What you should do – Your copy should hold only the lines from the one with "9月16日,国际米兰队球员恰" to the one with "Použitá blůza Coat, Man's", both included, each exactly as it stands below, with no pictures.

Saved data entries
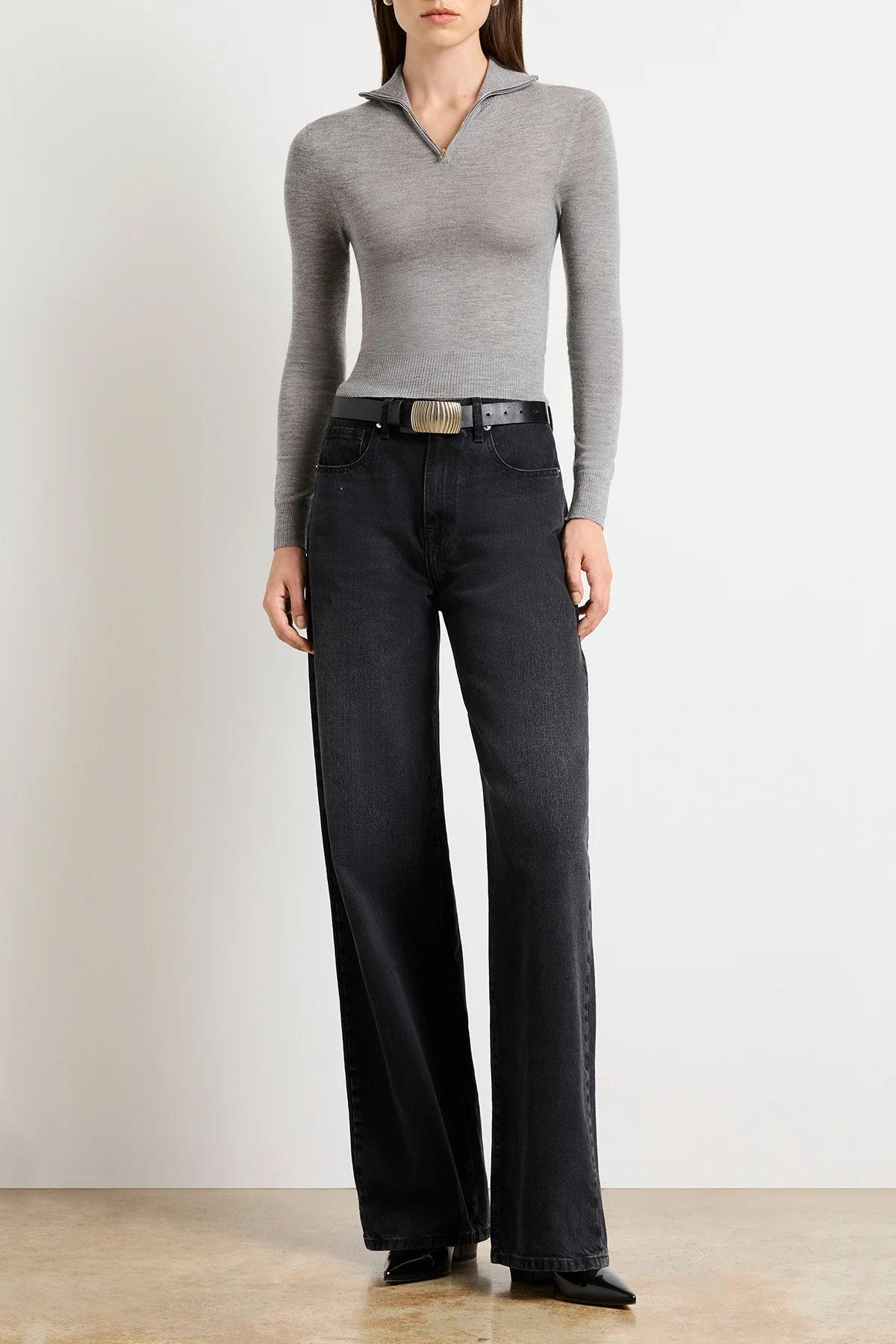 Knit from fine cashmere jersey, this sweater combines luxurious softness with a sleek, body-skimming silhouette. A modern zip mock neck adds versatility, while ribbed trims at the collar, cuffs, and hem lend subtle structure. Lightweight and refined, it’s a polished layer designed for effortless wear.
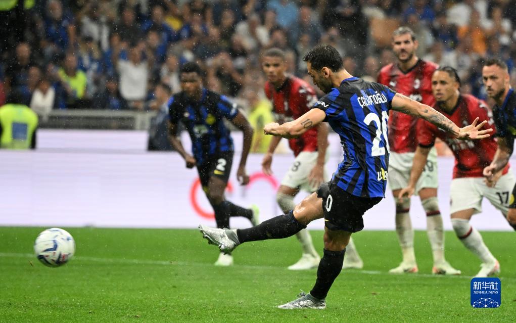 9月16日,国际米兰队球员恰尔汗奥卢(左)主罚点球命中。新华社发(阿尔贝托·林格利亚摄)
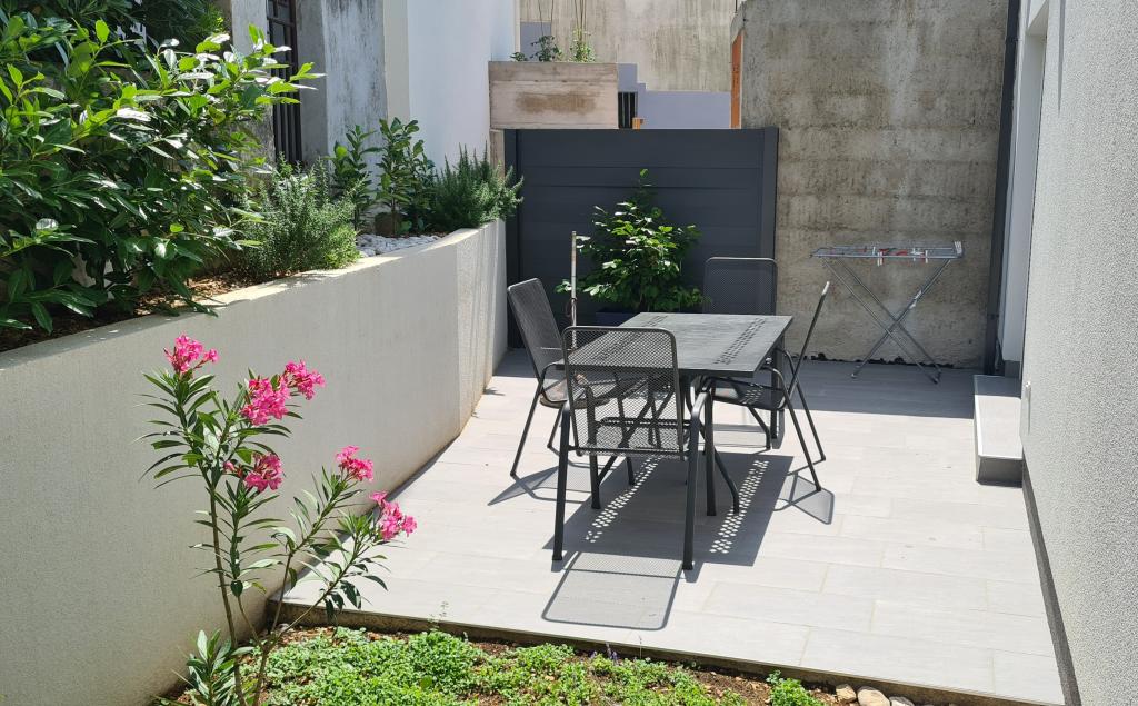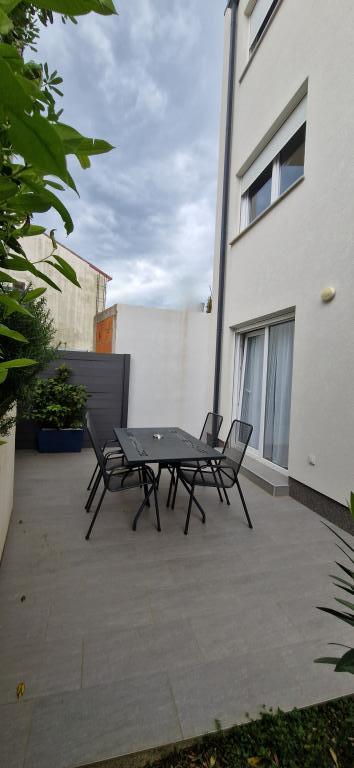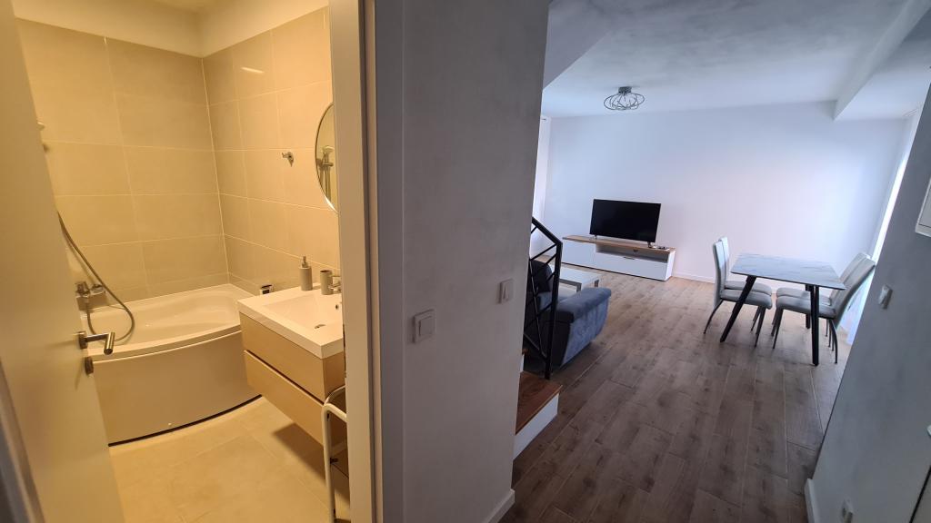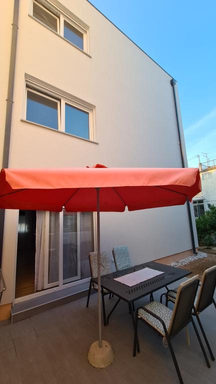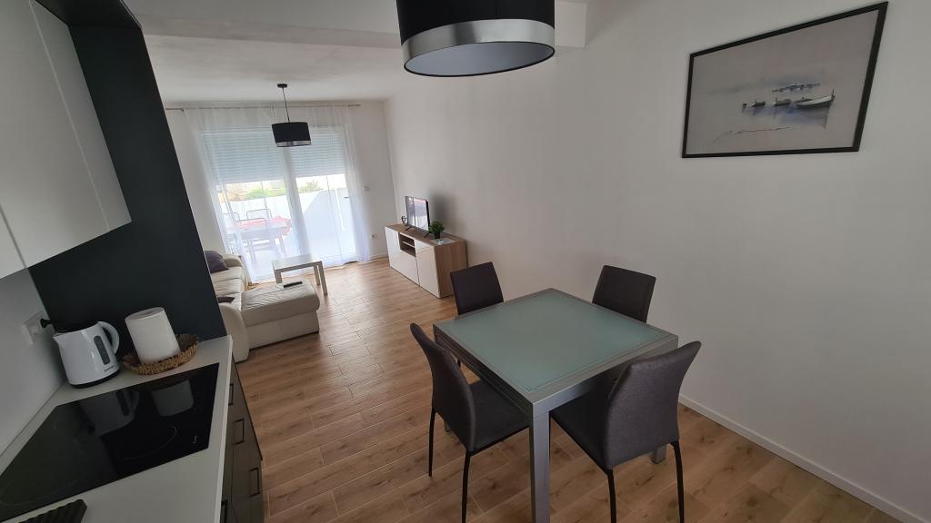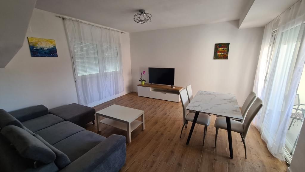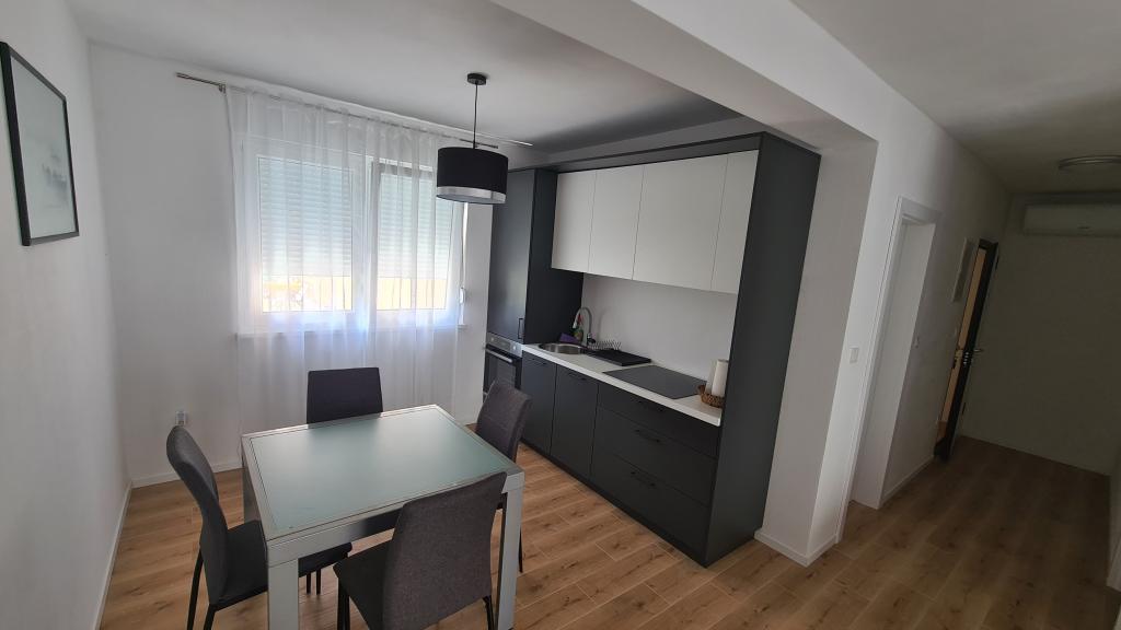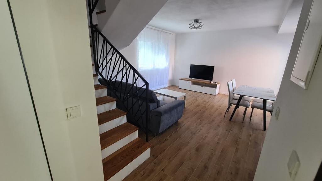 AP-Prizemlje: Novi kvalitetno uređen apartman, idealan za odličan odmor. Stambeni objekt se sastoji od ulaza, kupaonice, kuhinje, vlastite terase i blagavaone dnevni boravak sa kutnom garniturom na razvlačenje te spavaće sobe sa bračnim krevetom. Gostima je na raspolaganju vlastita terasa. Dvoetažni AP kat: Novi kvalitetno uređen apartman, idealan za odličan odmor. Stambeni objekt je na dvije etaže. Donja etaža dnevni dio (ulaz, kupaonica, kuhinja, blagavaona lođa i dnevni boravak sa kutnom garniturom na razvlačenje) te spavaći dio na gornjoj etaži (dvije spavaće sobe sa bračnim krevetima). Nalazi se na izuzetnoj lokaciji dvije minute od središnjeg trga, minutu od trgovine i pekara te raznih restorana i tri minute od plaže. Besplatan parking i Wi-Fi.
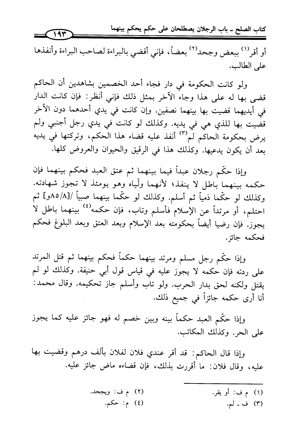 وإذا حكّم رجلان عبداً فيما بينهما ثم عتق العبد فحكم بينهما فإن حكمه بينهما باطل لا ينفذ؛ لأنهما ولّياه وهو يومئذ لا تجوز شهادته. وكذلك لو حكّما ذمياً ثم أسلم. وكذلك لو حكّما بينهما صبياً ثم احتلم، أو مرتداً عن الإسلام فأسلم وتاب، فإن حكمه (¬4) بينهما باطل لا يجوز. فإن رضيا أيضاً بحكومته بعد الإسلام وبعد العتق وبعد البلوغ فحكم فحكمه جائز.
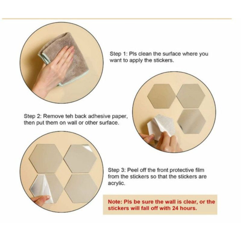 - Gương dán tường acrylic 3D hình lục giác dùng trang trí phòng khách, phòng ngủ, lối đi, cầu thang, tủ quần áo ...- Dán được trên rất nhiều bề mặt: tường, gỗ, kim loại. Thích hợp lắp trên bề mặt phẳng, tránh bề mặt lồi lõm.
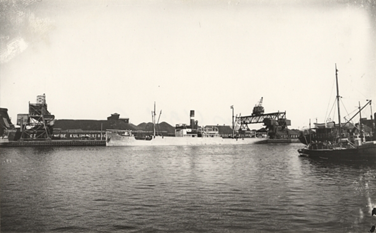 Foto i svartvitt visande lastångfartyget "ANNE" av Köpenhamn vid kaj i Köpenhamn.
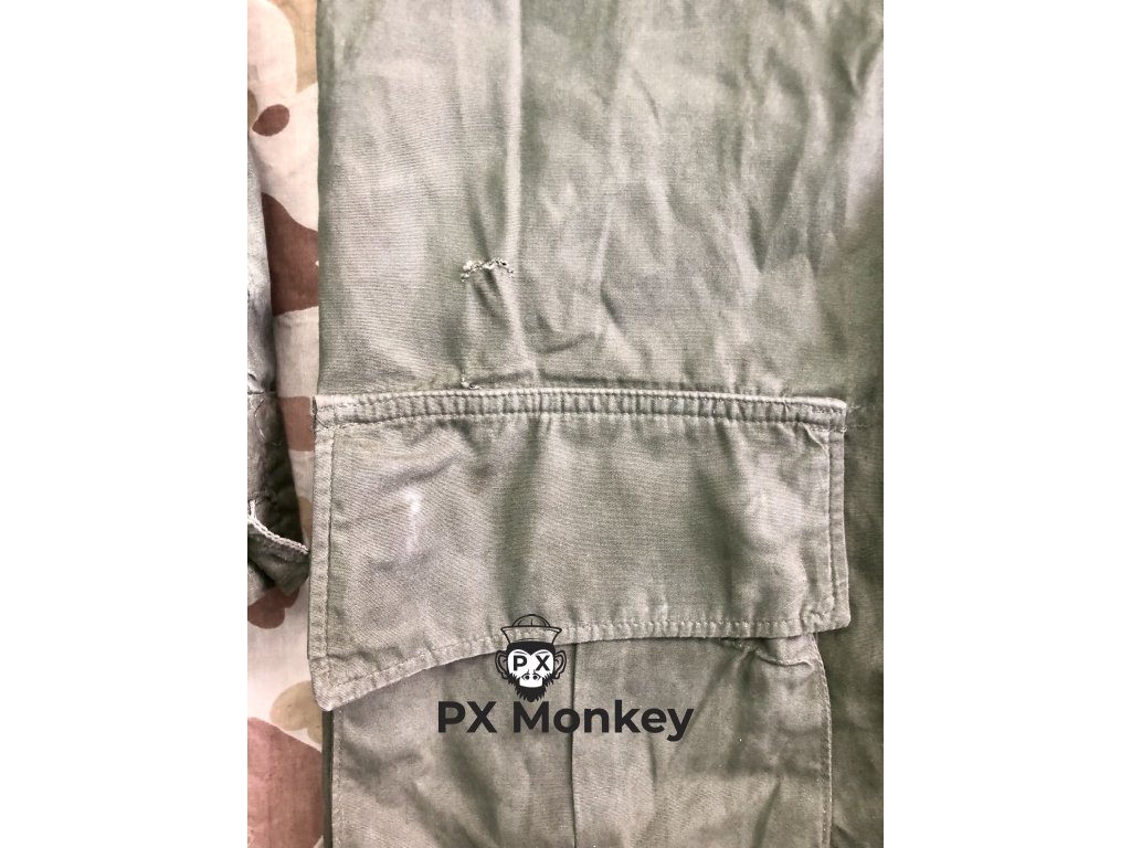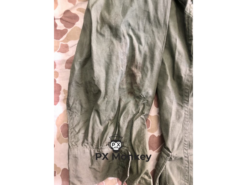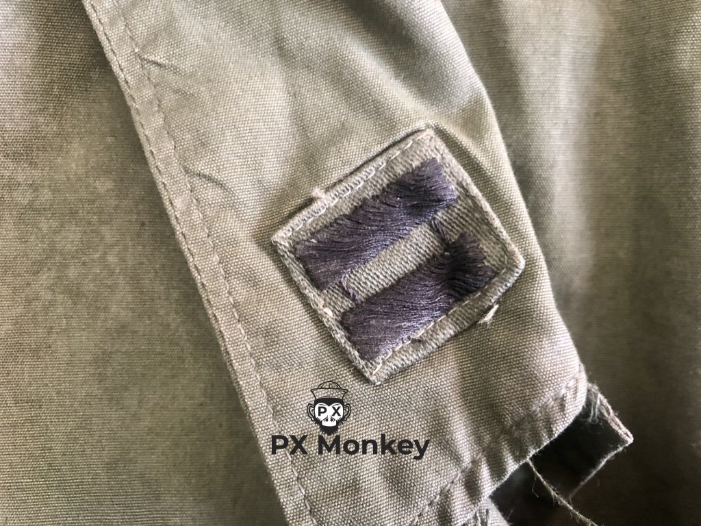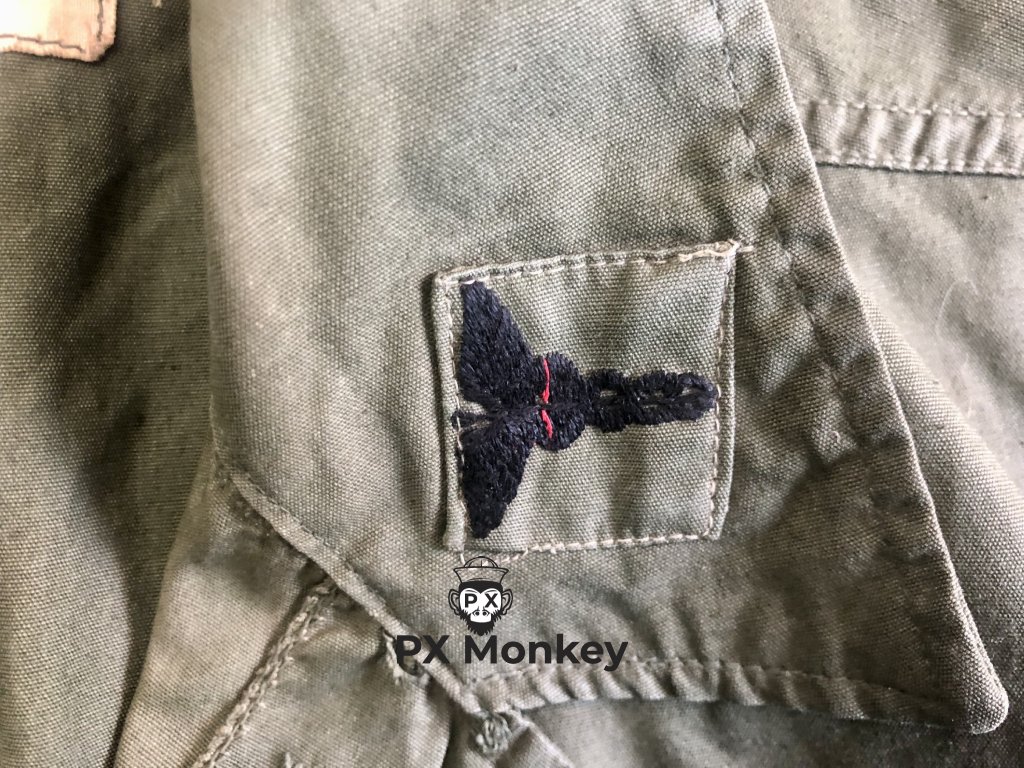 Použitá blůza Coat, Man's Combat, Tropical 3rd pattern. Velikost Medium Regular. Blůza je ošita "in country made" nášivkami. Páska US. Army a jmenovka jsou přímo vyšité do uniformy. Nášivka 1st Air Cavalry je sériová výroba v barevném provedení s tenkým okrajem, dodatečně obarvená na tmavší odstín. Bunda má několik skvrn a dírek viz. foto.
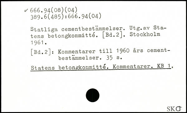 Statliga cementbestämmelser. Utg.av Statens betongkommitté. [

Your solution –
 9月16日,国际米兰队球员恰尔汗奥卢(左)主罚点球命中。新华社发(阿尔贝托·林格利亚摄)
 AP-Prizemlje: Novi kvalitetno uređen apartman, idealan za odličan odmor. Stambeni objekt se sastoji od ulaza, kupaonice, kuhinje, vlastite terase i blagavaone dnevni boravak sa kutnom garniturom na razvlačenje te spavaće sobe sa bračnim krevetom. Gostima je na raspolaganju vlastita terasa. Dvoetažni AP kat: Novi kvalitetno uređen apartman, idealan za odličan odmor. Stambeni objekt je na dvije etaže. Donja etaža dnevni dio (ulaz, kupaonica, kuhinja, blagavaona lođa i dnevni boravak sa kutnom garniturom na razvlačenje) te spavaći dio na gornjoj etaži (dvije spavaće sobe sa bračnim krevetima). Nalazi se na izuzetnoj lokaciji dvije minute od središnjeg trga, minutu od trgovine i pekara te raznih restorana i tri minute od plaže. Besplatan parking i Wi-Fi.
 وإذا حكّم رجلان عبداً فيما بينهما ثم عتق العبد فحكم بينهما فإن حكمه بينهما باطل لا ينفذ؛ لأنهما ولّياه وهو يومئذ لا تجوز شهادته. وكذلك لو حكّما ذمياً ثم أسلم. وكذلك لو حكّما بينهما صبياً ثم احتلم، أو مرتداً عن الإسلام فأسلم وتاب، فإن حكمه (¬4) بينهما باطل لا يجوز. فإن رضيا أيضاً بحكومته بعد الإسلام وبعد العتق وبعد البلوغ فحكم فحكمه جائز.
 - Gương dán tường acrylic 3D hình lục giác dùng trang trí phòng khách, phòng ngủ, lối đi, cầu thang, tủ quần áo ...- Dán được trên rất nhiều bề mặt: tường, gỗ, kim loại. Thích hợp lắp trên bề mặt phẳng, tránh bề mặt lồi lõm.
 Foto i svartvitt visande lastångfartyget "ANNE" av Köpenhamn vid kaj i Köpenhamn.
 Použitá blůza Coat, Man's Combat, Tropical 3rd pattern. Velikost Medium Regular. Blůza je ošita "in country made" nášivkami. Páska US. Army a jmenovka jsou přímo vyšité do uniformy. Nášivka 1st Air Cavalry je sériová výroba v barevném provedení s tenkým okrajem, dodatečně obarvená na tmavší odstín. Bunda má několik skvrn a dírek viz. foto.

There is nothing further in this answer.